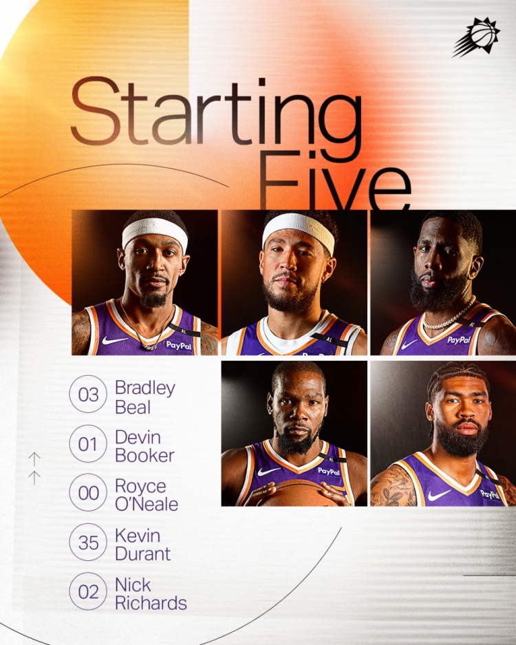 2025-02-24 15:12:56今日對陣猛龍!太陽首發:比爾、KD、布克、R-奧尼爾、理查茲
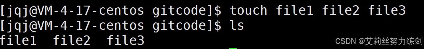 [jqj@VM-4-17-centos gitcode]$ touch file1 file2 file3
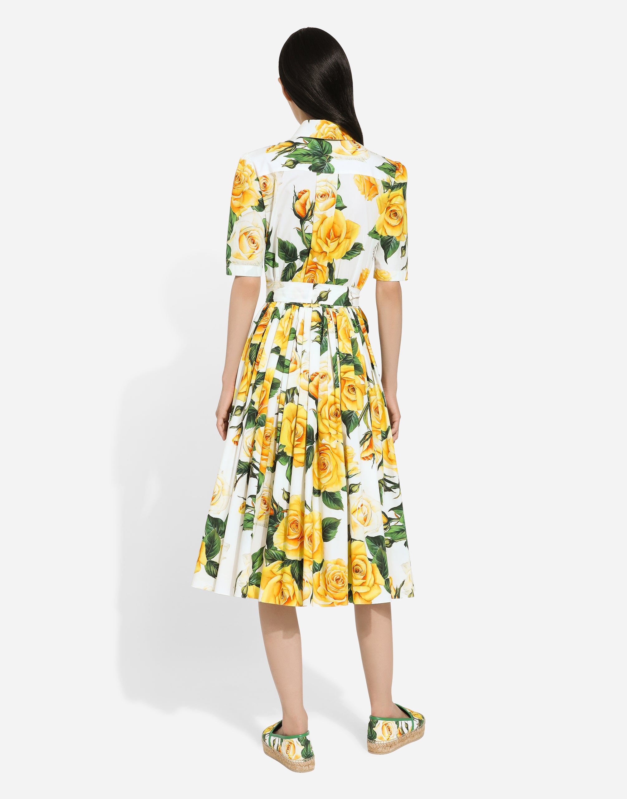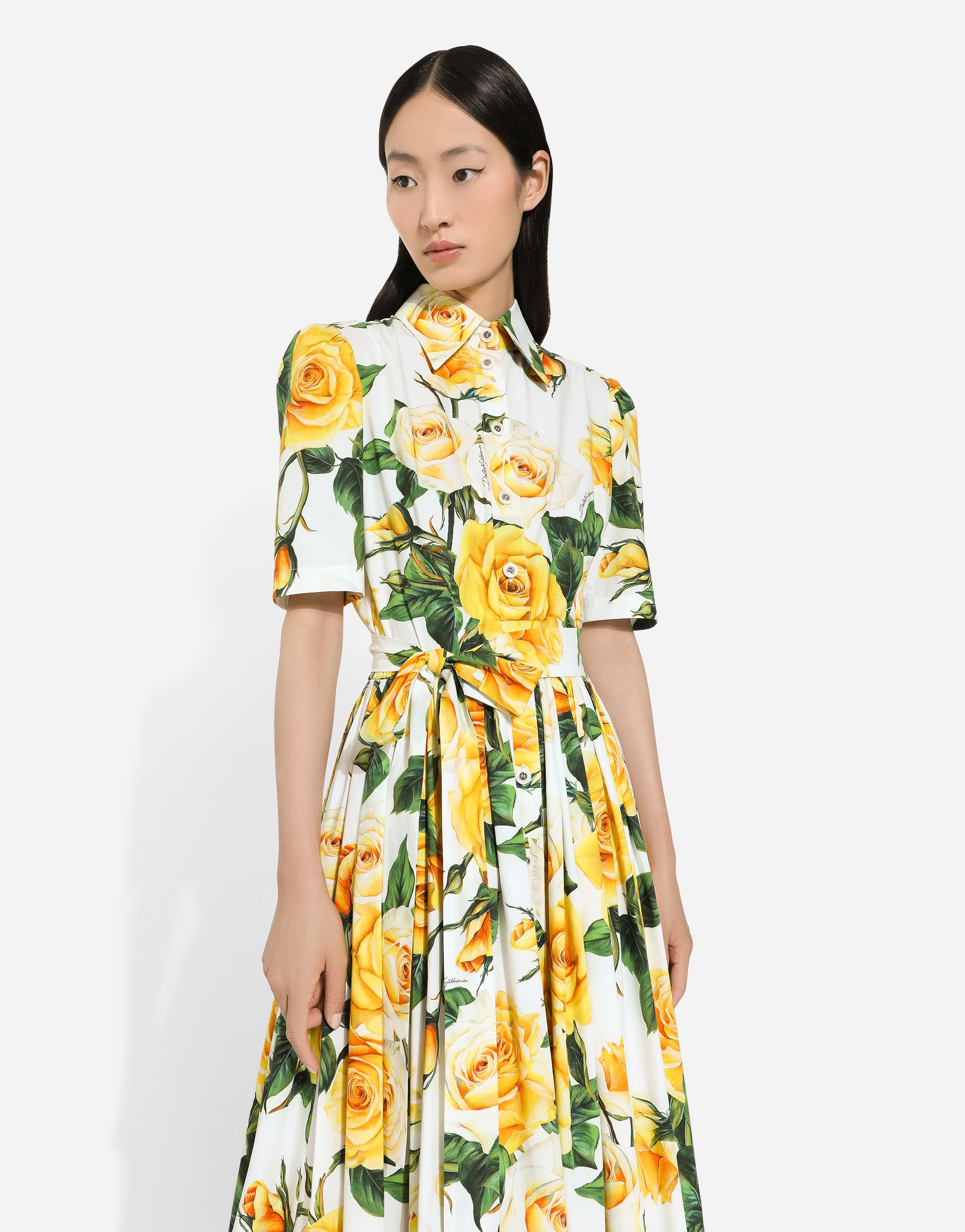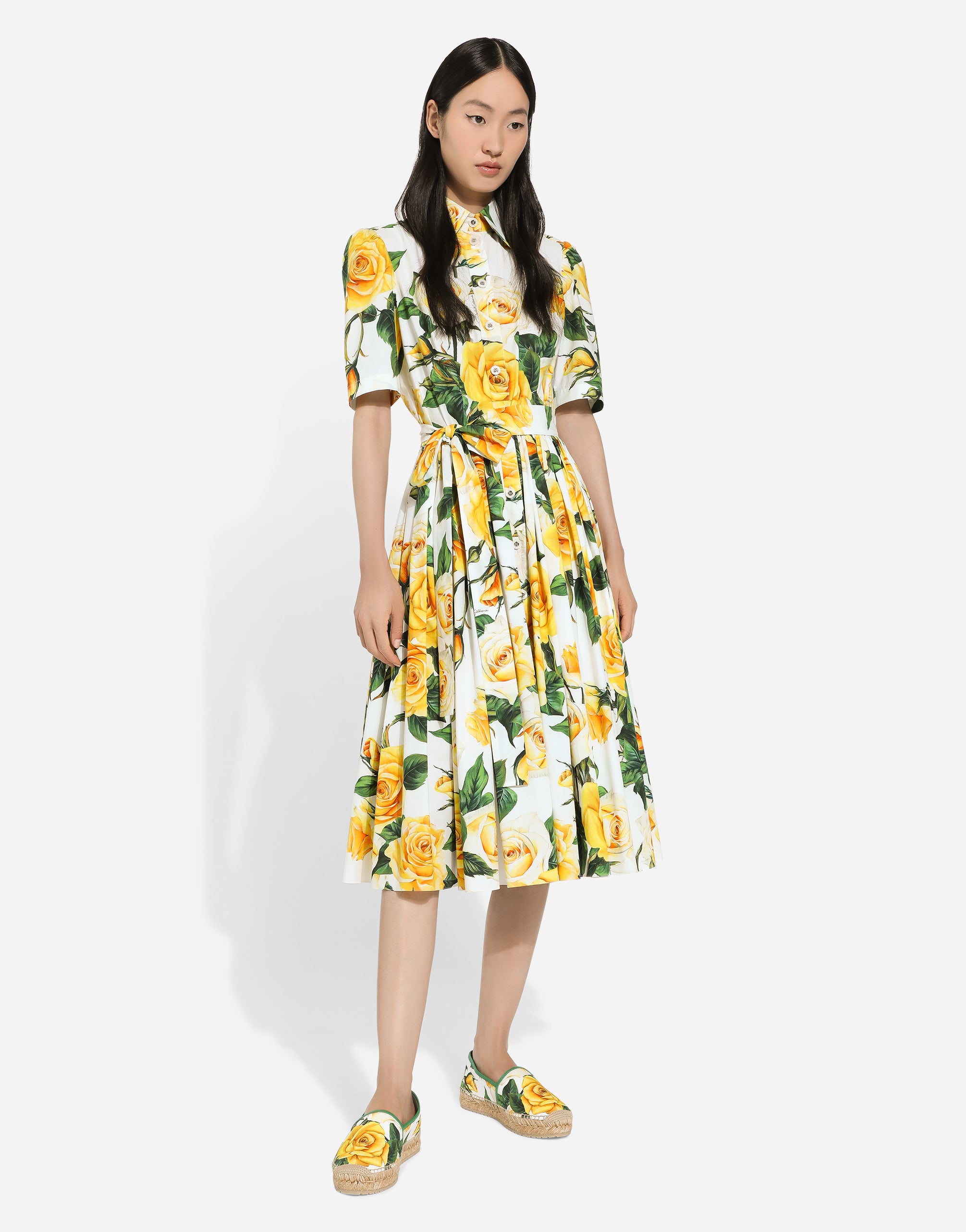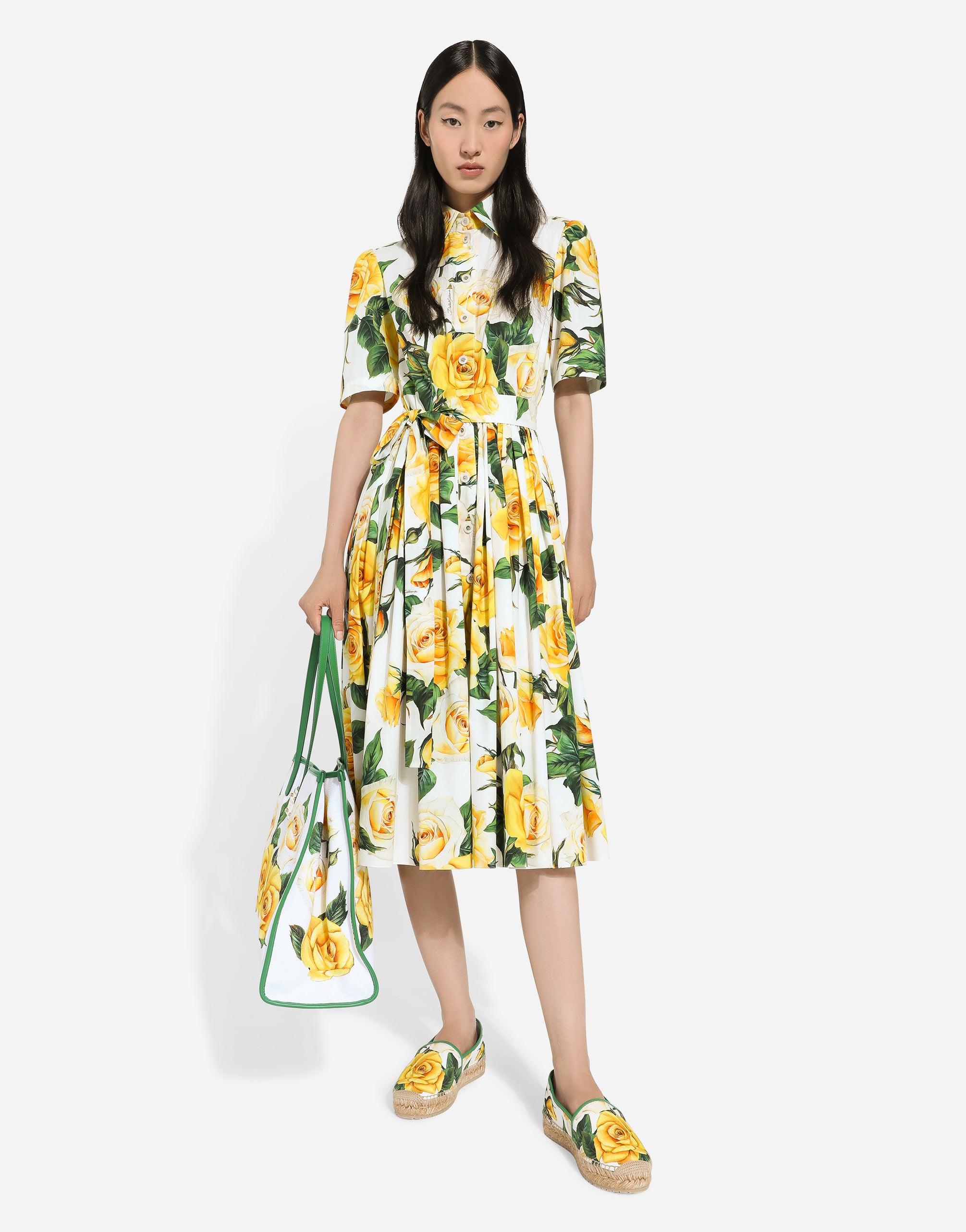 The Flowering Collection has us dreaming of faraway destinations, the most exclusive ones in the world, inviting us through the colors and the yellow rose print to take refuge in warm and unique places. Light White, lemon yellow, polka-dot accents and the various shades of leaf green for vibrant and ultra-feminine pieces where the keyword is tailoring. Every look invites us to savor and dream every moment of our free time, to discover beauty and enhance our femininity. Cotton poplin shirt dress with yellow rose print: • Multi-colored • Shirt collar • Short sleeves • Belted waist • Unlined • Buttons and belt on the front • The piece measures 70 cm from the waist down on a size IT 40 • The model is 175 cm tall and wears a size IT 40 • Made in Italy The difference in the print placement that you may find on this product is a feature of Dolce&Gabbana’s “Handmade” pieces. A detail that makes every garment or accessory unique and exclusive.
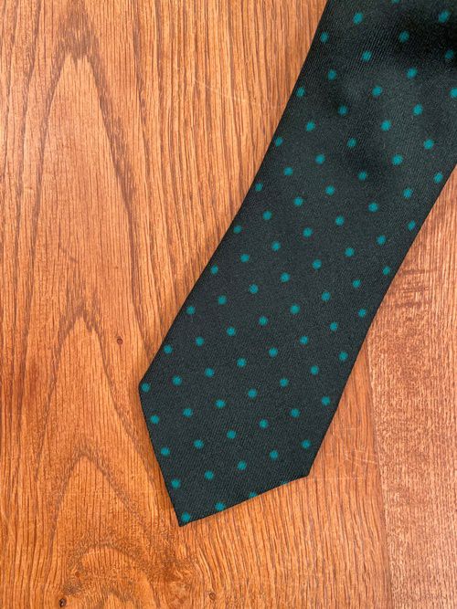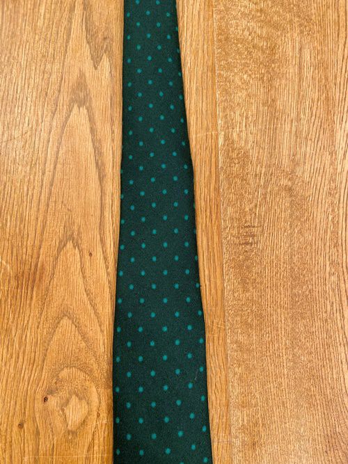 クラシックなドット柄のネクタイは使い勝手が良く、さり気なく取り入れたい一本です。
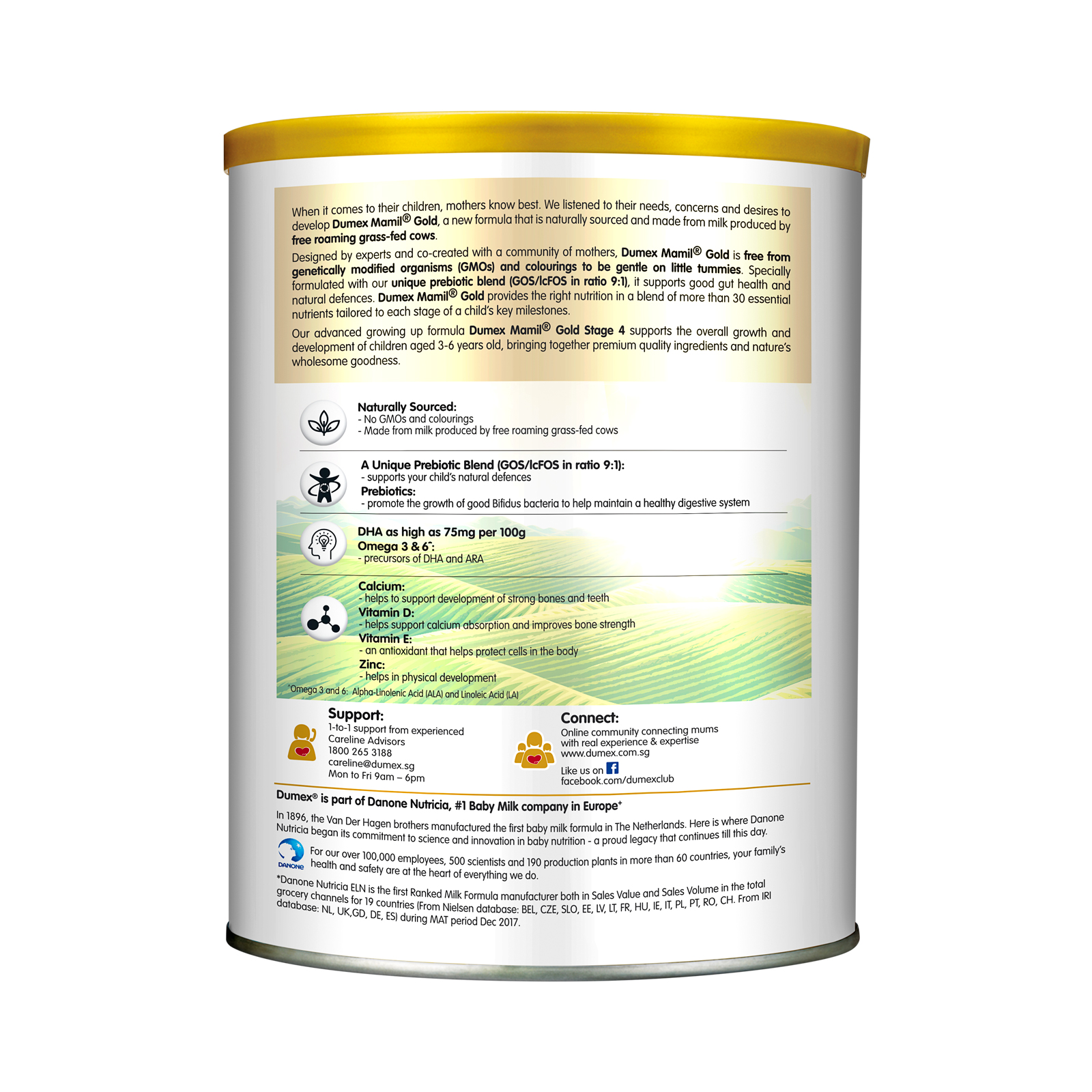 Dumex Mamil Gold Stage 4 Growing Up Kid Milk Formula (1.6kg) x 4 + Free 850g x 2
--------------------------------------------------
Return word for word the lines from the beginning of the entries through the line that contains "[jqj@VM-4-17-centos gitcode]$ touch", both ends included, but no pictures.

» **RESULT FOR THIS TASK**:
 2025-02-24 15:12:56今日對陣猛龍!太陽首發:比爾、KD、布克、R-奧尼爾、理查茲
 [jqj@VM-4-17-centos gitcode]$ touch file1 file2 file3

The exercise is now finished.